◆ What you have to do
Take the records below from their first line through the line holding "Esta caneca tem", and set each of those lines down exactly, without pictures.

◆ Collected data
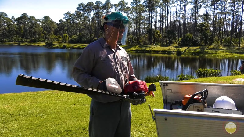 Portable gas power tools such as string trimmers, hedge trimmers and leaf blowers may look small and harmless compared with larger equipment. However, if an operator doesn’t follow the correct safety protocols, these tools can present a significant hazard to your crew. These tools are so prevalent on the golf course because they’re so efficient. Unfortunately, if mishandled, that efficiency can lead to accidents in which these tools cause foreign objects to fall, splash or be thrown with a considerable amount of force. You can see how fast a string trimmer cuts and flings grass — now imagine how quickly it could fling a pebble in a crew member’s direction.
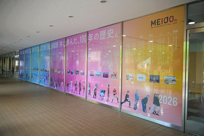 装飾は2026年度末まで実施予定です。学内装飾を通じて名城大学の歴史に触れ、次の100年に向けた大学の歩みを感じていただく機会となれば幸いです。
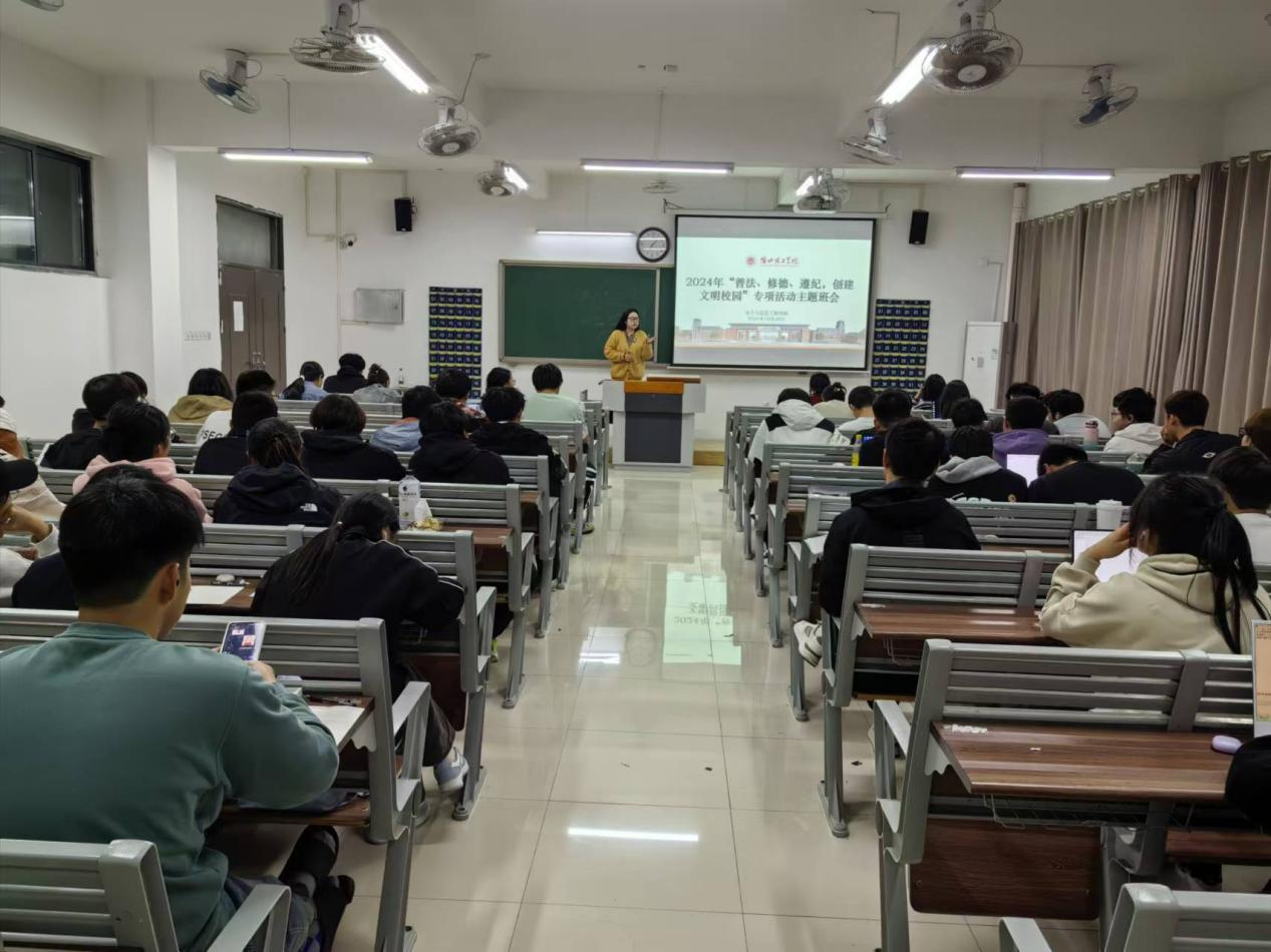 为贯彻落实立德树人的根本任务,坚持“依法治校,以德治校”。beat365在线唯一官网登录于2024年10月28日开展“普法、修德、遵纪,创建文明校园”的主题班会。此次主题班会旨在通过丰富多彩的宣传教育和实践活动,营造出一个法治、文明、和谐的校园环境。
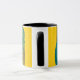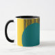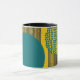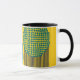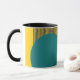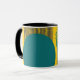 Esta caneca tem uma design de círculos moderna do século médio, com linhas saindo delas em preto e verde num campo de ouro.
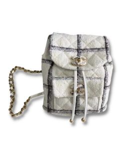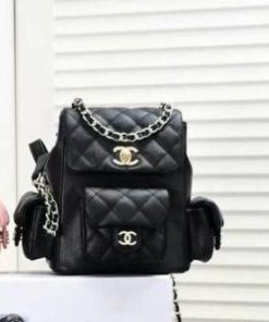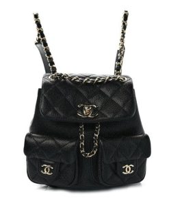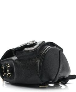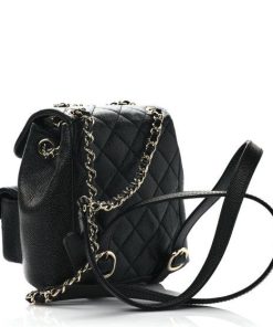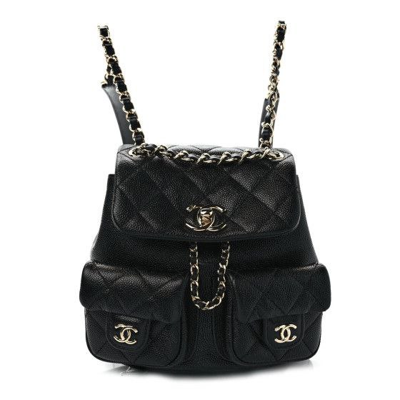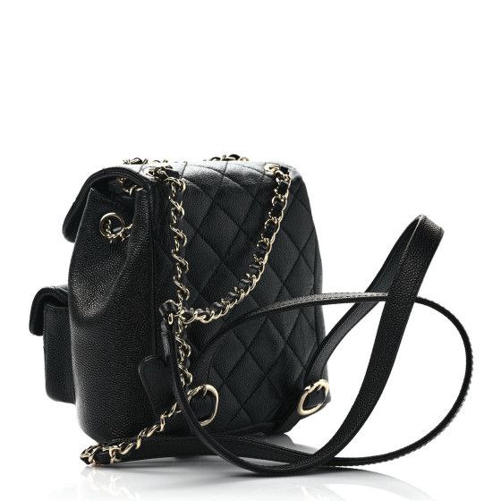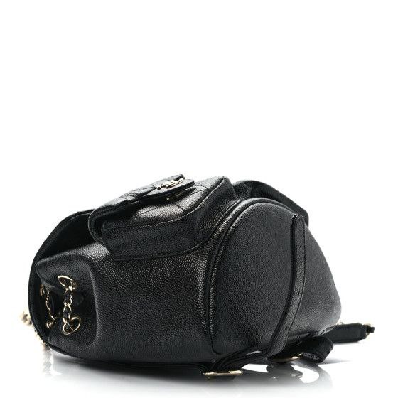 This is an authentic CHANEL Glazed Aged Calfskin Quilted Small Duma Pockets Drawstring Backpack in Black. This stylish backpack is beautifully crafted of shiny caviar leather in black. The backpack features polished light gold chain link leather threaded shoulder straps, two external pockets, a facing flap that opens with a polished gold Chanel CC turn lock, and closes with a black leather cinch-cord. This opens to a spacious black leather interior with a zipper pocket.

◆ Response to the task
 Portable gas power tools such as string trimmers, hedge trimmers and leaf blowers may look small and harmless compared with larger equipment. However, if an operator doesn’t follow the correct safety protocols, these tools can present a significant hazard to your crew. These tools are so prevalent on the golf course because they’re so efficient. Unfortunately, if mishandled, that efficiency can lead to accidents in which these tools cause foreign objects to fall, splash or be thrown with a considerable amount of force. You can see how fast a string trimmer cuts and flings grass — now imagine how quickly it could fling a pebble in a crew member’s direction.
 装飾は2026年度末まで実施予定です。学内装飾を通じて名城大学の歴史に触れ、次の100年に向けた大学の歩みを感じていただく機会となれば幸いです。
 为贯彻落实立德树人的根本任务,坚持“依法治校,以德治校”。beat365在线唯一官网登录于2024年10月28日开展“普法、修德、遵纪,创建文明校园”的主题班会。此次主题班会旨在通过丰富多彩的宣传教育和实践活动,营造出一个法治、文明、和谐的校园环境。
 Esta caneca tem uma design de círculos moderna do século médio, com linhas saindo delas em preto e verde num campo de ouro.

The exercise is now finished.